* _Task_: What you should give back is a precise copy of the lines below from the one containing "an organizer up" through the one containing "Figure 1: Old", with no pictures.

--- START ---

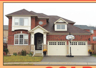
38 APPLE BLOSSOM $539,900

Loaded!!!!!! All brick, 2400 sq ft of exceptional quality including ceramics and exotic hardwood on entire main floor... also featuring a maple kitchen to die for including granite countertops, extended height maple cabinets, breakfast bar, mouldings top and bottom, pot lights, additional pantry space, chef's desk, garden doors, the list goes on and on. A master bedroom and ensuite that you have to see to believe... huge room, huge walk-in closet, huge 5 pc ensuite with huge shower with 2 rain showerheads... come see us on the weekend to check out this home. A pocket of 50 homes in growing area right off the 401 (2 mins). Designer colours... never lived in.
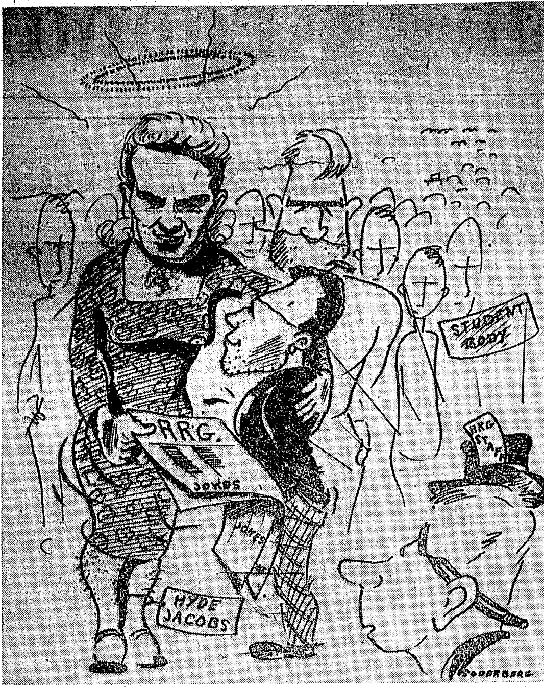
"My Boy, the Arg is Now Fit for You to Read."
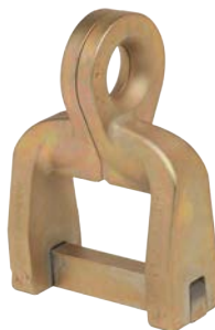
071040 Post Grabber Sold Separately
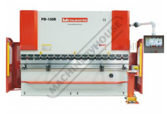
S906F Hydraulic CNC Pressbrake
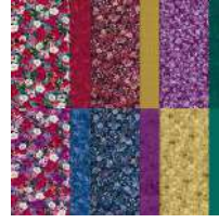
Regal Winter 12" X 12" (30.5 X 30.5 Cm) Designer Series Paper [164156]
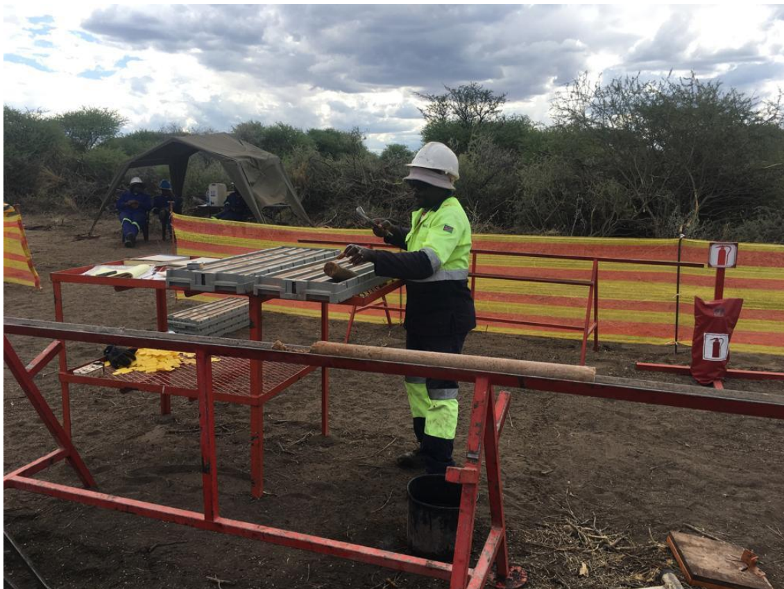
Figure 2. Diamond core being processed on site at 22HED01

The first hole 22HED01 is testing the NPF-D'Kar contact on the southern limb of the 'domal' target. (Fig 4). Ground magnetic profiles have been collected to pinpoint the contact under the Kalahari cover (Fig 5).
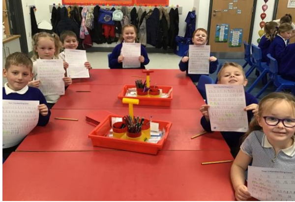
3 - Some lovely handwriting practice in 1SC!
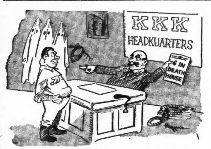
"Send an organizer up to Trenton"

U.S. Senetor, is chairmon of the National Committee of the Progressive Party.
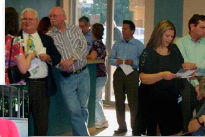
February Chamber After Hours
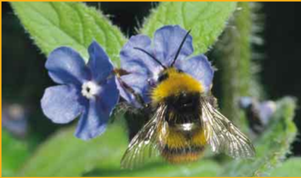
Bombus pratorum (male)
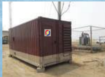
1 X 800KVA GENERATOR AT NAQUA
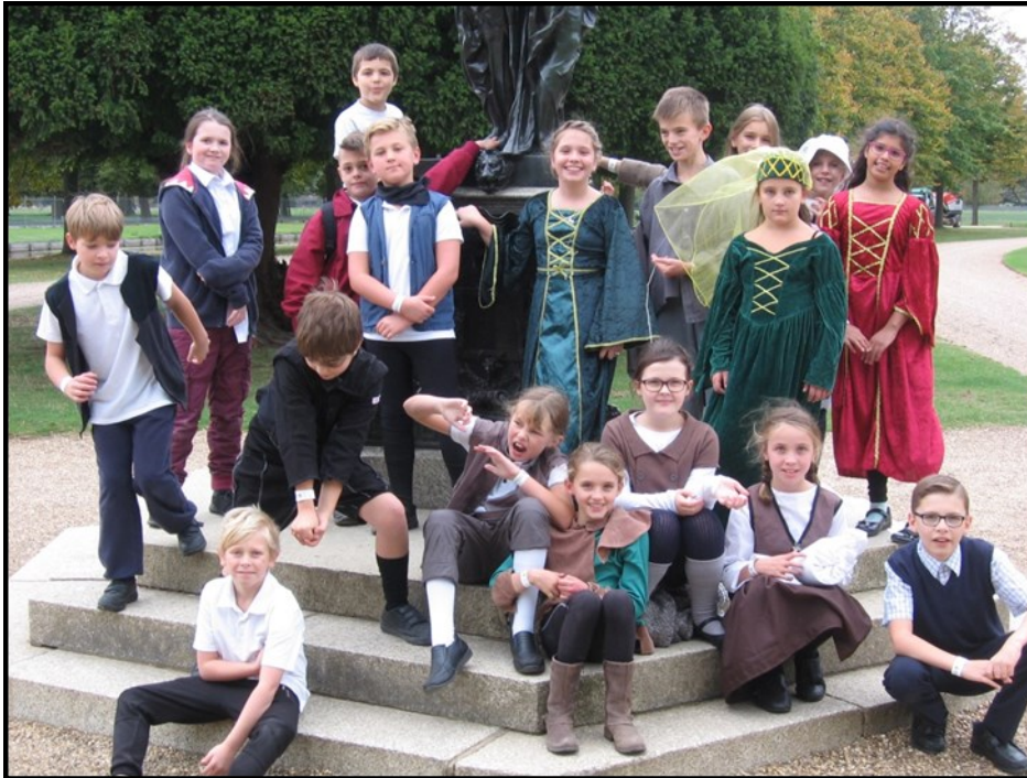
The Upper Juniors in their Tudor finery
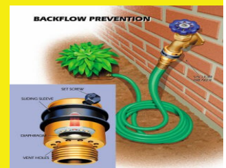
HOSE BIB VACUUM

These are just a few examples that could occur if there was a pressure drop in the distribution system due to a water break, causing the back siphonage of these hazardous materials into the water system
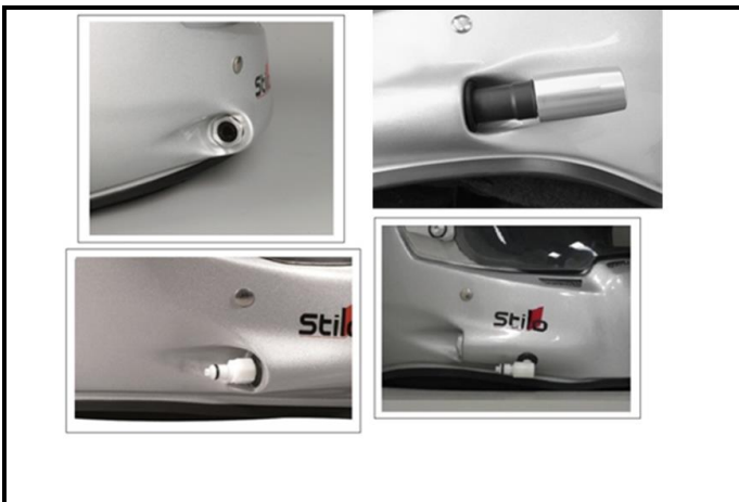
E3) Side port components (examples)
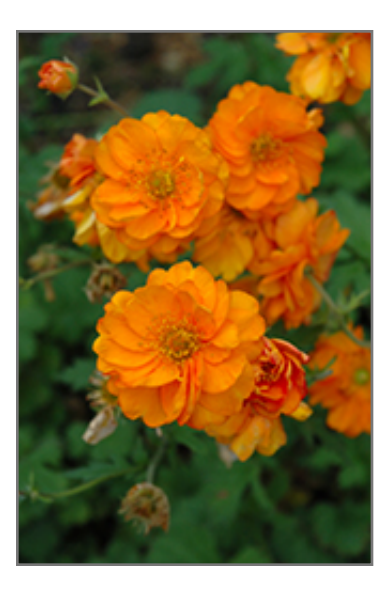
Fire Storm Avens flowers

Fire Storm Avens is recommended for the following landscape applications;
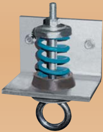
ACH Wood Joist Hanger
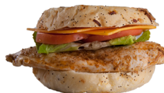
#9 DETROITER $14.99 Grilled chicken, lettuce, tomato, cheddar cheese, ranch, on onion roll.
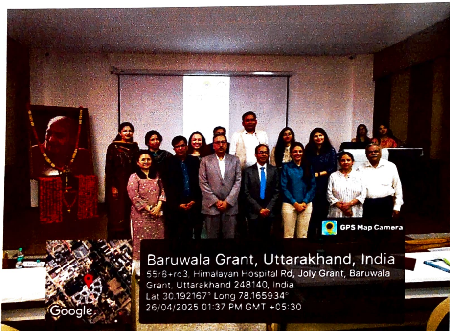
Speakers of CME
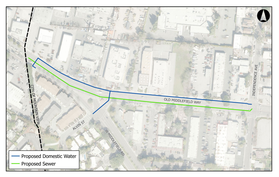
Figure 1: Old Middlefield Way and Alvin Street—Water and Sewer Main Replacements

Annual Water and Sewer Main Replacements, Projects 23-08 and 23-09, will replace approximately 5,323 linear feet and 7,063 linear feet of water and sewer mains, respectively, on Old Middlefield Way, Alvin Street, Drucilla Drive, Carla Court, Bonita Avenue, Gretel Lane, Hans Avenue, Barbara Avenue, and Martens Avenue (see Figures 1 to 3 for locations). The greater extent of sewer replacement needs is due to completed closed circuit television (CCTV) inspections, which identified a higher number of severe structural defects in sewer pipe within the project area. These defects in sewer mains were primarily due to pipe aging and degradation.
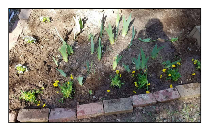
Garden Girl project for Spring
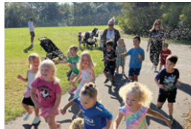
Students and staff at Rice Lake Elementary celebrated their fundraising work with a school-wide bubble run.

CELEBRATING WITH A BUBBLE RUN Rice Lake students and staff celebrated the end of the school's fall fundraiser with a bubble run. Each class made signs and ran around the soccer fields to music and through bubbles. A special thank you to the community for supporting our schools!
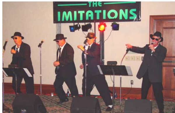
The Imitations, who entertained for three hours Saturday night, perform their rendition of the Blues Bros.
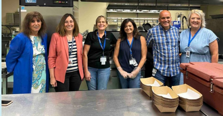
SCCS Executive Team

In July, SCCS held a Summer Fun Day with a hot dog lunch, a sweet treat served by our Citizens Advisory Committee, and stations sponsored by Diversity, ERT, Reward & Recognition, and Wellness Committees!
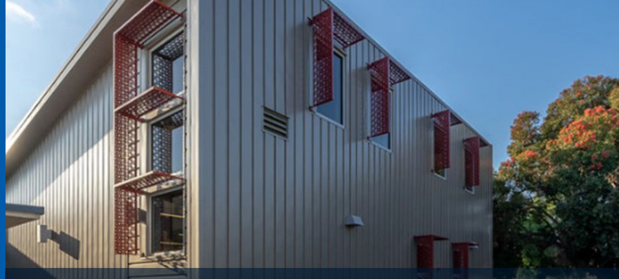
The new PCPA Stagecraft building is located at the northwest corner of the Santa Maria campus.
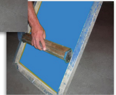
Step 2) Squeegee Side
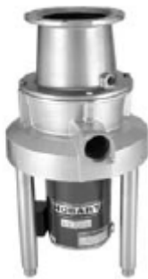
Shown with Long Housing
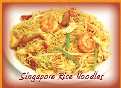
Singapore Rice Noodles
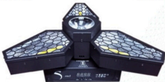
3 WING FINE
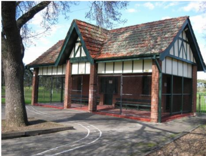
Shelter Shed, Princess Elizabeth Children's Playground, South Terrace, Adelaide View from north-west
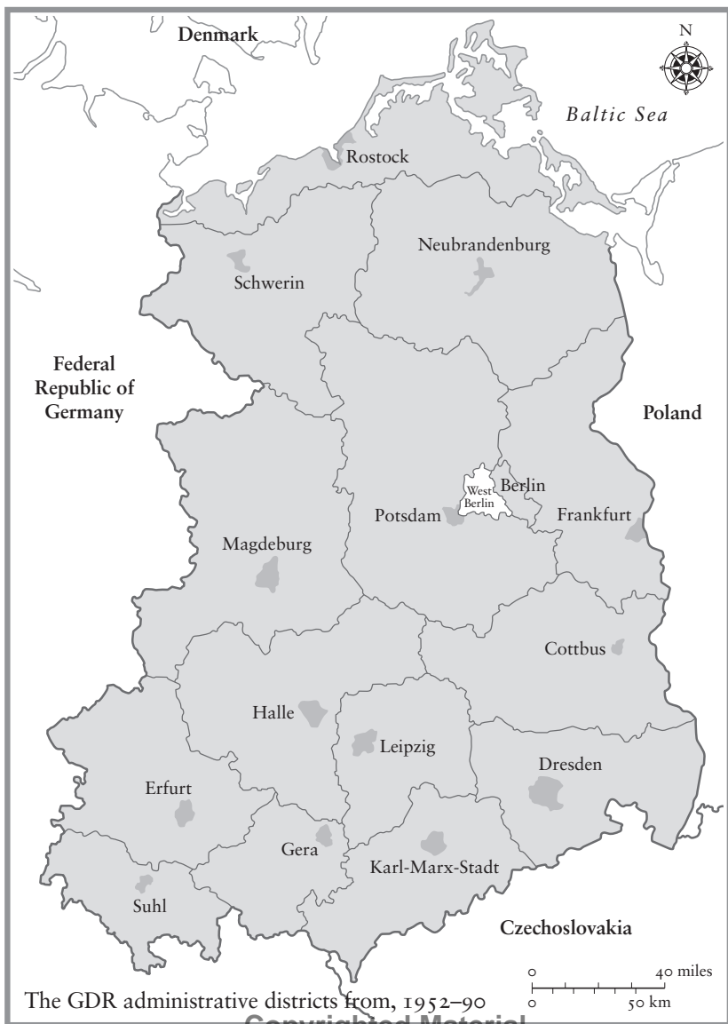
The GDR administrative districts from, 1952-90
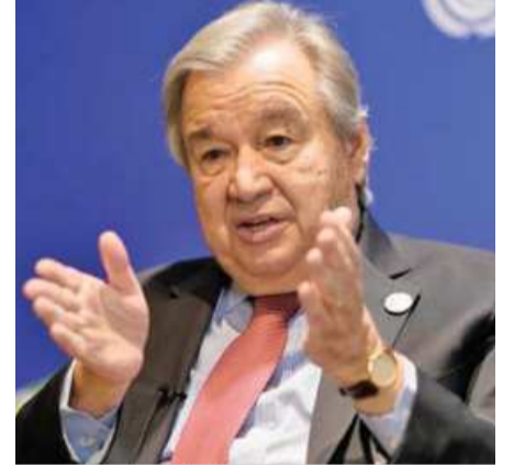
UN Secretary-General Antonio Guterres

UN: Climate Change is an aggravating factor for instability, conflict and terrorism, UN Secretary-General Antonio Guterres said Thursday.
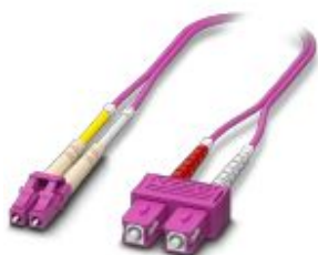
Multi-mode OM4 duplex jumper, LC-SC, UPC polishing, length 2 m

Please be informed that the data shown in this PDF Document is generated from our Online Catalog. Please find the complete data in the user's documentation. Our General Terms of Use for Downloads are valid ( http://phoenixcontact.com/download )
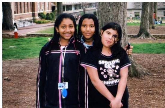
Girls 10 to 12 Years Old on Campus at Carolina

Later that evening girls returned to the Stone Center for a double feature documentary --- two short films, American Red and Black and Unfinished , which both dealt with race and identity. Girls sat with rapt attention as the films unfolded narratives of people of mixed races. American Red and Black revealed stories of people who were both African American and Native American and their struggle to claim their identity and culture. The film Unfinished
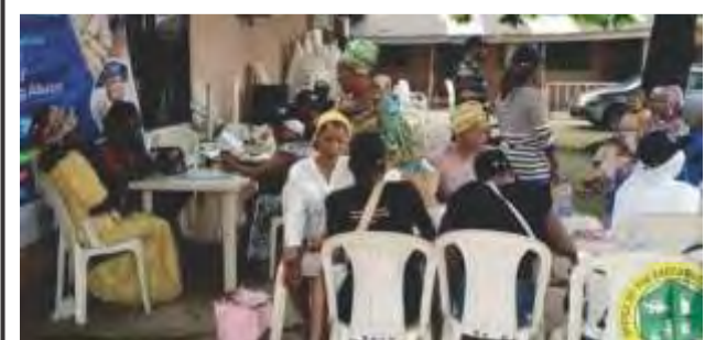
Residents receiving treatment

diagnosis, immunization, blood donation, supplement and health insurance to the teeming populace in the community, going from one strategic location to another. So far, 4,285 residents have been reached out to in the free healthcare service provided to address health challenges of the community people. Some of the areas covered include 14, Ajilete Street Beside Primary Health Center (PHC) off College Road, Orile Ogundimu Central Mosque at 1, Ogundimu Street, Iju and The City of the Lord Church at 25, Kudirat Soule Street, Coker Road.

--- END ---

* _Your solution_:
"Send an organizer up to Trenton"

U.S. Senetor, is chairmon of the National Committee of the Progressive Party.
February Chamber After Hours
Bombus pratorum (male)
1 X 800KVA GENERATOR AT NAQUA
The Upper Juniors in their Tudor finery
HOSE BIB VACUUM

These are just a few examples that could occur if there was a pressure drop in the distribution system due to a water break, causing the back siphonage of these hazardous materials into the water system
E3) Side port components (examples)
Fire Storm Avens flowers

Fire Storm Avens is recommended for the following landscape applications;
ACH Wood Joist Hanger
#9 DETROITER $14.99 Grilled chicken, lettuce, tomato, cheddar cheese, ranch, on onion roll.
Speakers of CME
Figure 1: Old Middlefield Way and Alvin Street—Water and Sewer Main Replacements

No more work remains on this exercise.